Electrochemical Impedance Spectroscopy (EIS) Principles and Biosensing Applications


Ertuğrul Uygun H. D., Uygun Z. O.

in: Handbook of Nanobioelectrochemistry: Application in Devices and Biomolecular Sensing, Uday Pratap Azad,Pranjal Chandra, Editor, Springer Nature, London, pp.919-923, 2023

  • Publication Type: Book Chapter / Chapter Research Book
  • Publication Date: 2023
  • Publisher: Springer Nature
  • City: London
  • Page Numbers: pp.919-923
  • Editors: Uday Pratap Azad,Pranjal Chandra, Editor
  • Dokuz Eylül University Affiliated: Yes

Abstract

Electrochemical impedance spectroscopy (EIS) used in biosensor systems is a label-free measurement method used in the measurement of electrochemical reactions.

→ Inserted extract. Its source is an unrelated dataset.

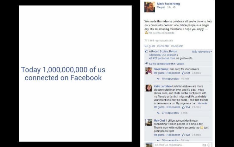Tecnología | La red social más popular del mundo alcanzó la meta el lunes pasado Facebook llega a los mil millones de usuarios La red social más popular del mundo alcanzó la meta el lunes pasado Por: EL INFORMADOR 27 de agosto de 2015 - 18:04 hs GUADALAJARA, JALISCO (27/AGO/2015).- La red social más popular del mundo llegó hoy a la meta de mil millones de usuarios activos en un solo día, informó Mark Zuckerberg, CEO de Facebook en su perfil oficial. “El lunes, una de cada siete personas en la tierra usaron Facebook para conectar con sus amigos y familia”, publicó Zuckerberg. “Cuando nosotros hablamos de nuestras finanzas, usamos números regulares, pero esto es diferente. Esta es la primera vez que alcanzamos esta meta y sólo es el comienzo de conectar a todo el mundo”. Mark se dijo orgulloso por todo el progreso logrado por la comunidad de Facebook y aseguró que la red social busca dar voz a cada persona, promover el entendimiento y la inclusión de todos en las oportunidades que brinda el mundo moderno. “Un mundo más abierto y más conectado es un mundo mejor. Trae relaciones más fuertes con las personas que amas, una economía más estable y con más oportunidades, y una sociedad más fuerte que refleja todos nuestros valores”, señaló. “Gracias por ser parte de nuestra comunidad y por todo lo que han hecho para ayudarnos a alanzar esta meta. Espero con ansias ver qué más podemos alcanzar”. La noticia fue celebrada por los usuarios de la red social quienes compartieron sus experiencias con Facebook en la publicación de Zuckerberg. Como Kenneth Alasdair, quien contó como a través de la plataforma pudo encontrar a un grupo de apoyo para gemelos que ayudó a superar la muerte de su hermano. Susan Chesney afirmó que mediante Facebook pudo comunicarse con su familia para hacerles saber que estaba bien tras el terremoto que sacudió Japón en el 2011. Facebook fue lanzado en el 2004 como una red social sólo para estudiantes de Harvard cuando Mark Zuckerberg era estudiante. En el 2006, la plataforma fue abierta para toda persona con una dirección de correo electrónico. Temas Internet Facebook Redes Sociales Mark Zuckerberg Lee También Continúa la entrega de tarjetas Yo Jalisco Apoyo para el Transporte este 9 de octubre Se filtran nuevos ADIDAS diseñados por Bad Bunny (FOTOS) Beca Benito Juárez: ¿Cuál es el último día para realizar el registro? Plataforma de Hulu llegará a México; esto se sabe Recibe las últimas noticias en tu e-mail Todo lo que necesitas saber para comenzar tu día Registrarse implica aceptar los Términos y Condiciones

With this method, electrode surface characteristics, surface kinetics, and mass transport transfer can be measured. All these measurements can be performed with a single method. With EIS, the electrochemical circuit diagram of the surface can be drawn by scanning starting from a certain frequency. With this circuit diagram, the surface of the electrode can be seen electrochemically. In addition to the electrochemical measurement, it is actually possible to obtain strong mathematical data. All of this mathematical data can be verified by experimental measurements and provides opportunities to verify experimental results. In this way, there are both modifications in the development of biosensors and the possibility of quantitative measurement. This makes the system one step ahead of other methods in biosensor applications. The use of time as a function of this measurement made with alternating current also increases the sensitivity of the measurement. In this frequency measurement, the resistance of the electrode surface is measured as impedance and more suitable results are obtained. In biosensor applications, since the resistance of the electrode surface is measured in ohms, it is also important to process the data obtained afterward, to find the appropriate circuit model optimize the non-faradaic measurements, and how the measurement is optimized within the redox probe. For this reason, this measurement system, which is seen as a simple surface resistance measurement, is actually seen as a very complex and knowledge-based method. Therefore, the advantages are extremely numerous. Among the most important advantages of EIS are its fast electrode kinetics, the detection of non-electroactive species, and its power to perform measurements without the need for microscopic surface imaging techniques. In this book chapter, the application of EIS in biosensors, calculation methods, and different sub-applications are evaluated.